→ **Task**
The expected output is an exact copy of the lines from the one containing "2026年故宫马年藏书票正版蛇年九龙壁四季故宫文创邮票龙年盖章版" through the final line of the entries below, with no images.

[Items from a dataset]

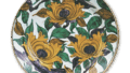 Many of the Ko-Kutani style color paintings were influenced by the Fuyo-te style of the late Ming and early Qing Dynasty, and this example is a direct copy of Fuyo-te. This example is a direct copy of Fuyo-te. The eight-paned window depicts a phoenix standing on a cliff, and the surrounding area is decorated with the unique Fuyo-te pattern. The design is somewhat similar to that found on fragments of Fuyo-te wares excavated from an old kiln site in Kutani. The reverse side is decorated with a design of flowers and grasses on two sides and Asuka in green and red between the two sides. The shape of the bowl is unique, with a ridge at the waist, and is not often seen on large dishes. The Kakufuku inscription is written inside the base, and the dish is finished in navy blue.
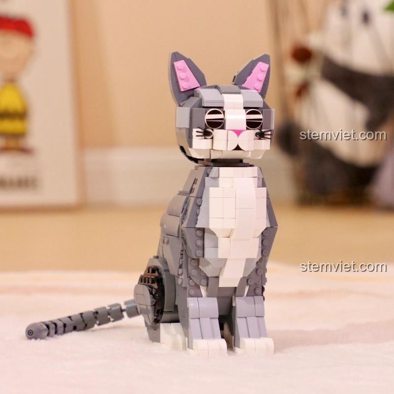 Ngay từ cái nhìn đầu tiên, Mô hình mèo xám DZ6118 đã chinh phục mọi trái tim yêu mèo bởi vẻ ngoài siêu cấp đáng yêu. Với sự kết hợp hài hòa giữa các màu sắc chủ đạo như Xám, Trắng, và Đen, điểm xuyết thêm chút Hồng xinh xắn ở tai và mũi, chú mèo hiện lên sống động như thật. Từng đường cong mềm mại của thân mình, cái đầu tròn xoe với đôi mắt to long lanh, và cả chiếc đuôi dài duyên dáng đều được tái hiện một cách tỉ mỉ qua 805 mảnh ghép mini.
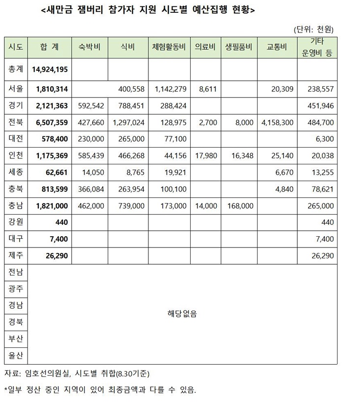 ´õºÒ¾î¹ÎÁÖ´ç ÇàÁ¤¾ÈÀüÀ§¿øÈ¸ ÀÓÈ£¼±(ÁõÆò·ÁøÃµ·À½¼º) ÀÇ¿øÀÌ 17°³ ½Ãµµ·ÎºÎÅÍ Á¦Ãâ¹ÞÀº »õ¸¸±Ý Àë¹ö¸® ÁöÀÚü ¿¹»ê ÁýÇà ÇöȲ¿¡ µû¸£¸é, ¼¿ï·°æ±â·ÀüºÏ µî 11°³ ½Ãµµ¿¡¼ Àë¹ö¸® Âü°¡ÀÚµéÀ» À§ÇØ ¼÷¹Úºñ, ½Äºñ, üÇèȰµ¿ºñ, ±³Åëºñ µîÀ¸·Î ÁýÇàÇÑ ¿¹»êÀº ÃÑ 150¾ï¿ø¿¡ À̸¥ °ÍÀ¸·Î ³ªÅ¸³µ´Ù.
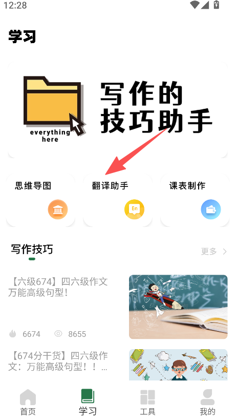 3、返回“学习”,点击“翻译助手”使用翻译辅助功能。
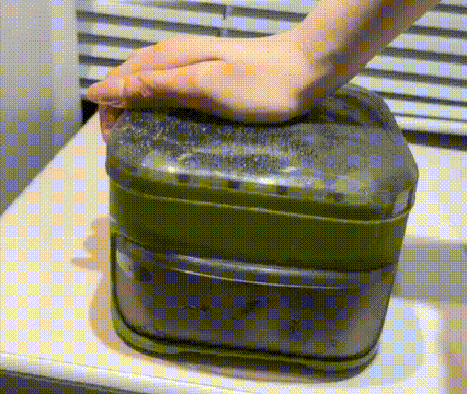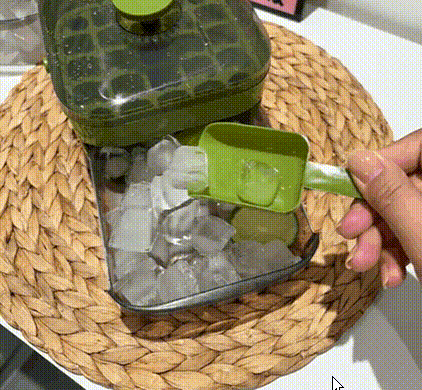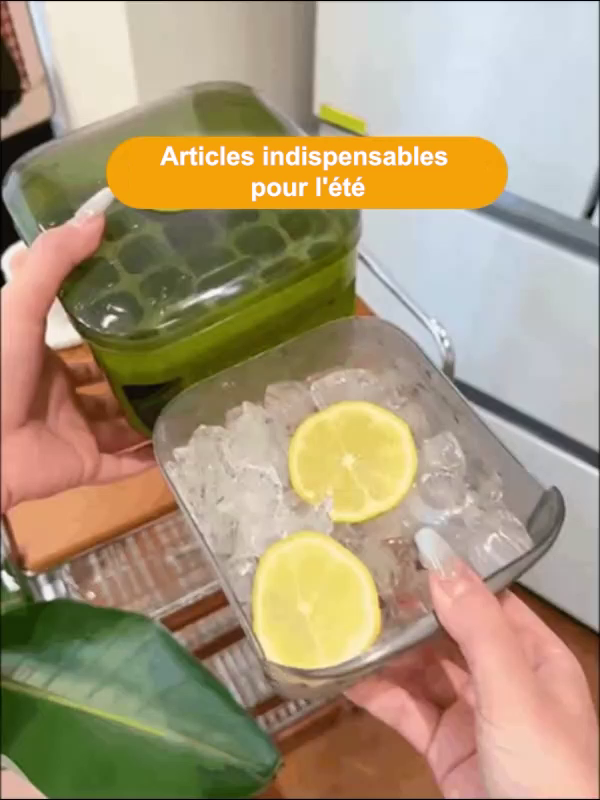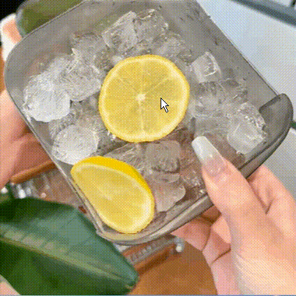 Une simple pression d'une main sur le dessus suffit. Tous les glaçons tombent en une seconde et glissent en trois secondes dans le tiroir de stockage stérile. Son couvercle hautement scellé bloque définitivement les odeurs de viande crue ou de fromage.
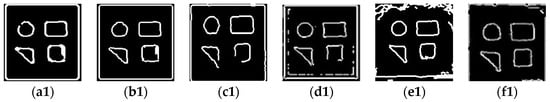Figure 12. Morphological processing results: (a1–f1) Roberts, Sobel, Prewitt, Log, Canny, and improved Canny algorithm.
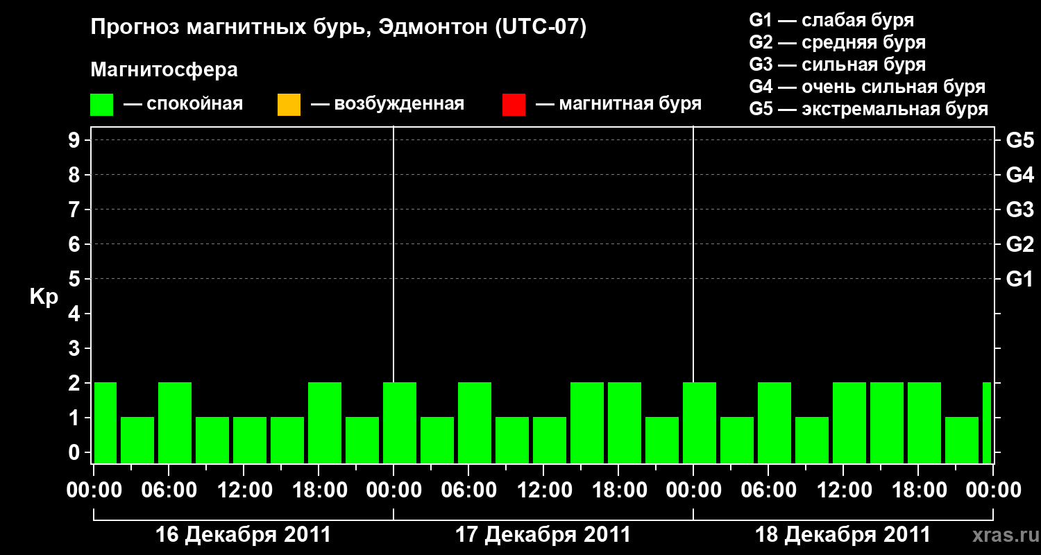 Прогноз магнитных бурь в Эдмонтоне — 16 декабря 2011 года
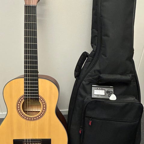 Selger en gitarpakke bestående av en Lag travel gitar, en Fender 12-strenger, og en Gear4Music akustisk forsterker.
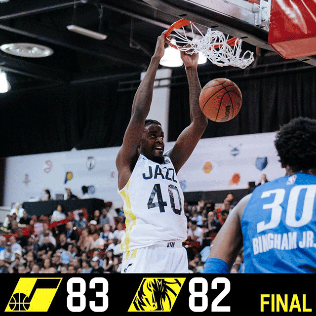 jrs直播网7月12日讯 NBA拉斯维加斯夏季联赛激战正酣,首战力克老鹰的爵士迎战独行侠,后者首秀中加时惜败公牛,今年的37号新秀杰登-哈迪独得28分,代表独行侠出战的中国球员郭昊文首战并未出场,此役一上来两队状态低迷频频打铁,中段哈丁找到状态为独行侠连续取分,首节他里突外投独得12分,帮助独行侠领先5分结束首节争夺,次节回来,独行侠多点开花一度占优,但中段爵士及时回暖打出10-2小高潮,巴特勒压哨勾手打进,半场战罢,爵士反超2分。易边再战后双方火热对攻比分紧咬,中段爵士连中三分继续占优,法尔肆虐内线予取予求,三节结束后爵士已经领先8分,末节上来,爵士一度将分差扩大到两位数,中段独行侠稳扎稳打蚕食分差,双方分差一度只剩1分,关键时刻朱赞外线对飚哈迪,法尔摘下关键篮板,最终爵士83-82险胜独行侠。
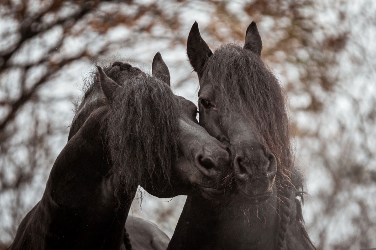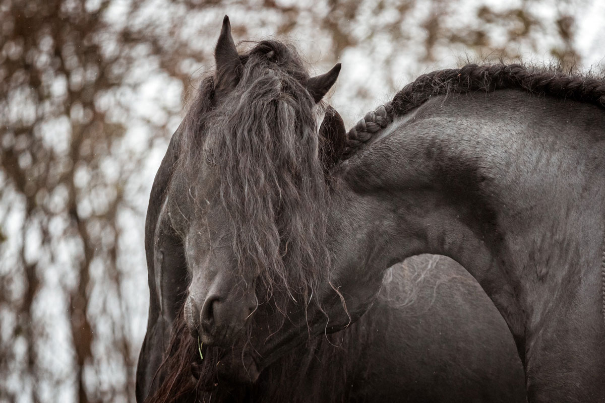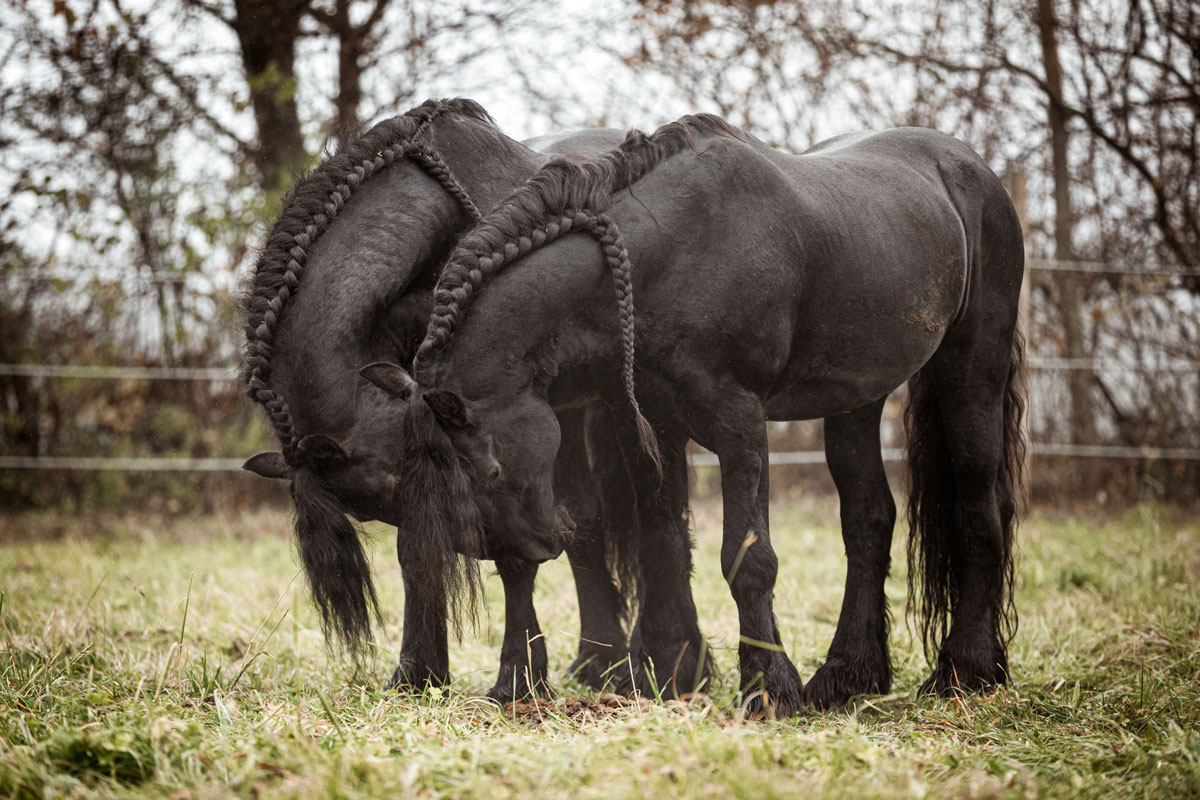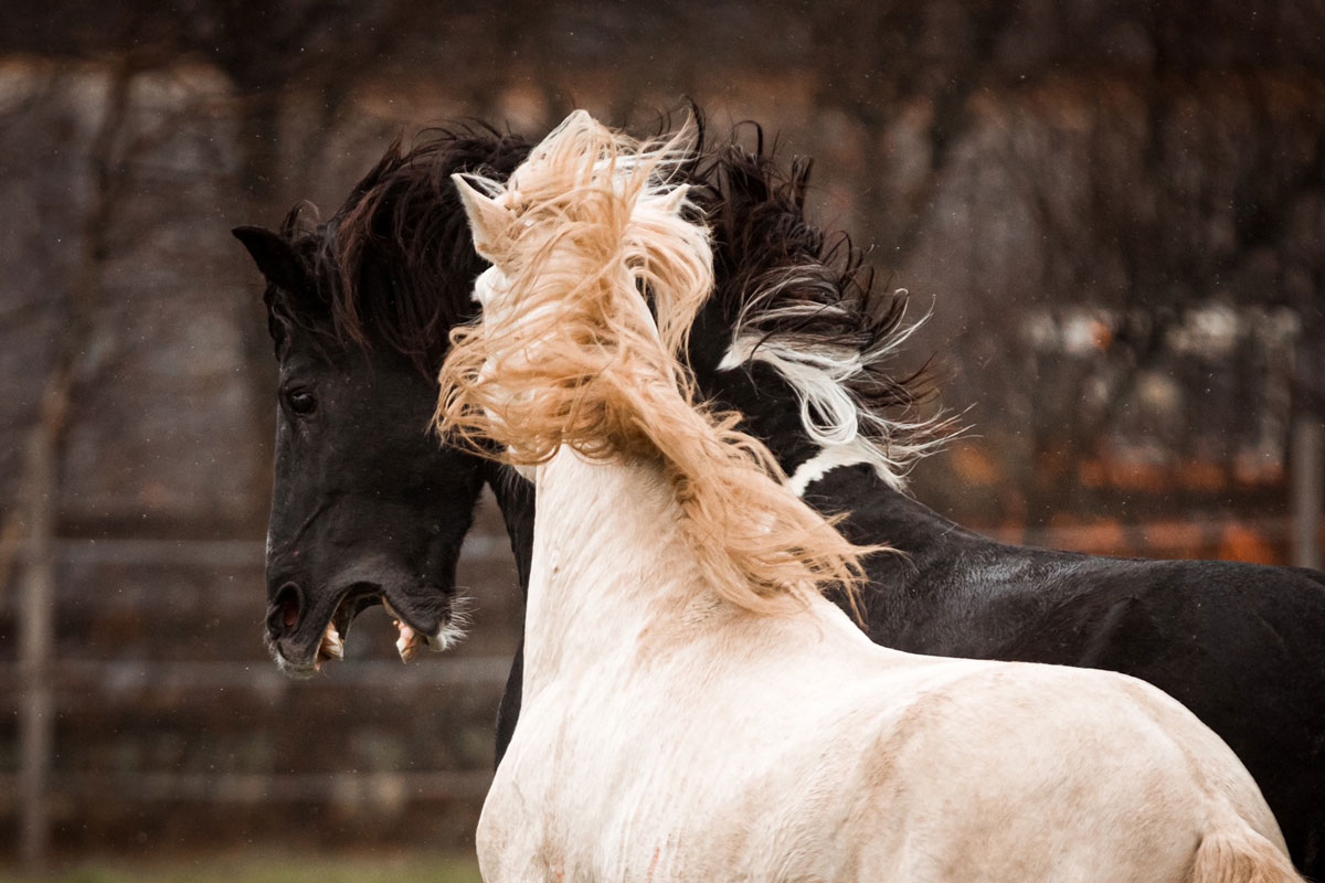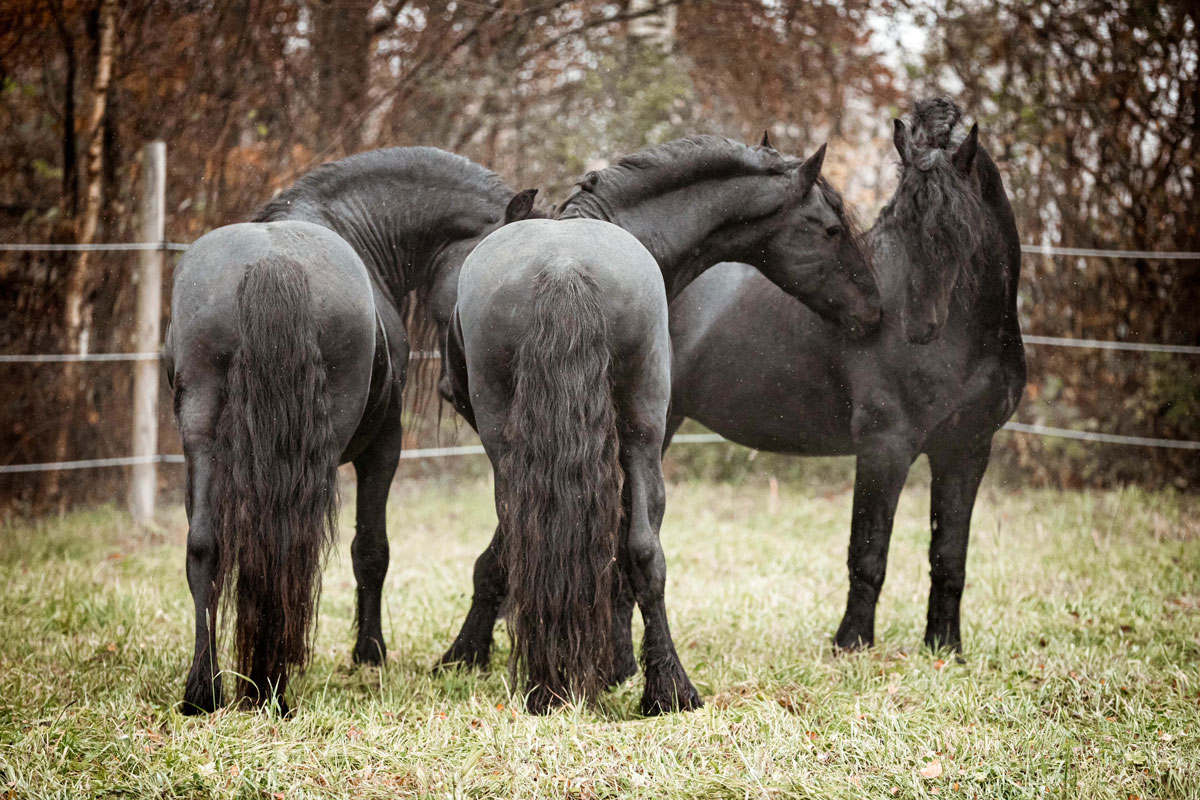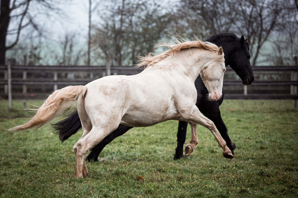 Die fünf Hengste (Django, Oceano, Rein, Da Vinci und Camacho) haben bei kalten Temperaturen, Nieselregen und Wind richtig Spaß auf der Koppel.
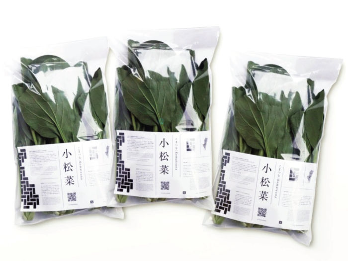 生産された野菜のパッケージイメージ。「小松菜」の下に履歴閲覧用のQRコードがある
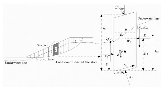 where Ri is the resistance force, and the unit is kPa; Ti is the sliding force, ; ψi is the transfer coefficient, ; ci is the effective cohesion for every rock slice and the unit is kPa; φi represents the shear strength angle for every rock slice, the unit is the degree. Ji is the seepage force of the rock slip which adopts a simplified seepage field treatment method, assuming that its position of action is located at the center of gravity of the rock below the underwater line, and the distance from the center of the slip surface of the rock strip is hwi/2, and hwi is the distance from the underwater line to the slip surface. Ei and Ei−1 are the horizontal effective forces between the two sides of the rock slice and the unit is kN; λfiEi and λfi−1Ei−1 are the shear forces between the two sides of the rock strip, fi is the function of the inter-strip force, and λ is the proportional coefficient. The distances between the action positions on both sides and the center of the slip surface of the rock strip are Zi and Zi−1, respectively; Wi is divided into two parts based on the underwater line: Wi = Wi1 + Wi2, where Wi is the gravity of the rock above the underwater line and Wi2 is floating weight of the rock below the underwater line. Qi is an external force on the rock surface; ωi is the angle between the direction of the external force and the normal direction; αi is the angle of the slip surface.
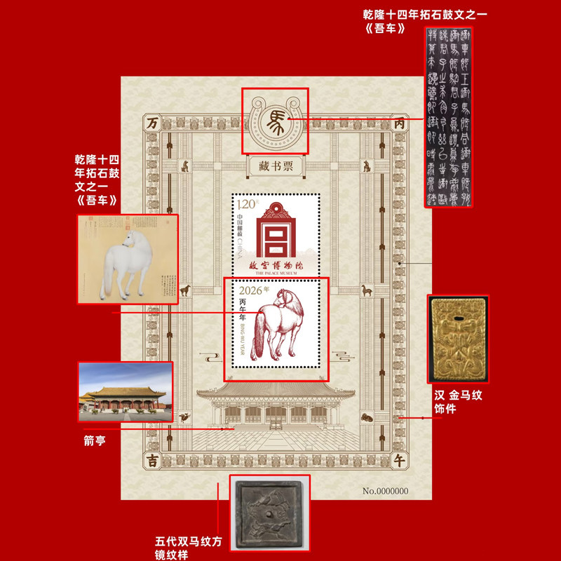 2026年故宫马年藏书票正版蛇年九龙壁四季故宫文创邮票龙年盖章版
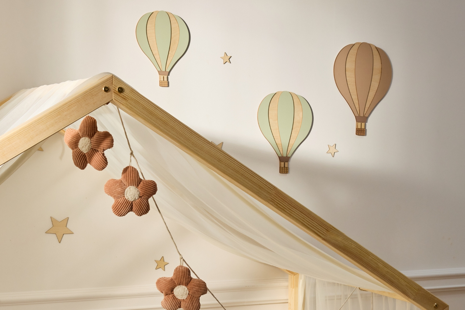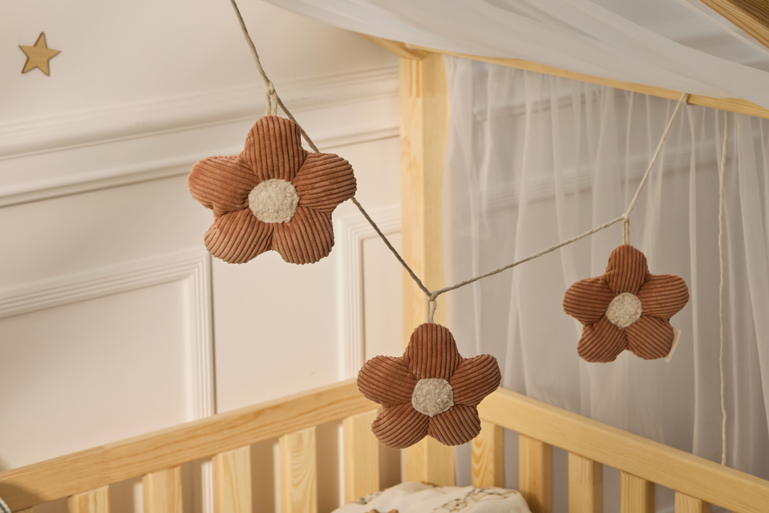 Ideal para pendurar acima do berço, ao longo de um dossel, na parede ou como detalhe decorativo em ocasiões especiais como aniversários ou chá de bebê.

→ **Task output**
 2026年故宫马年藏书票正版蛇年九龙壁四季故宫文创邮票龙年盖章版
 Ideal para pendurar acima do berço, ao longo de um dossel, na parede ou como detalhe decorativo em ocasiões especiais como aniversários ou chá de bebê.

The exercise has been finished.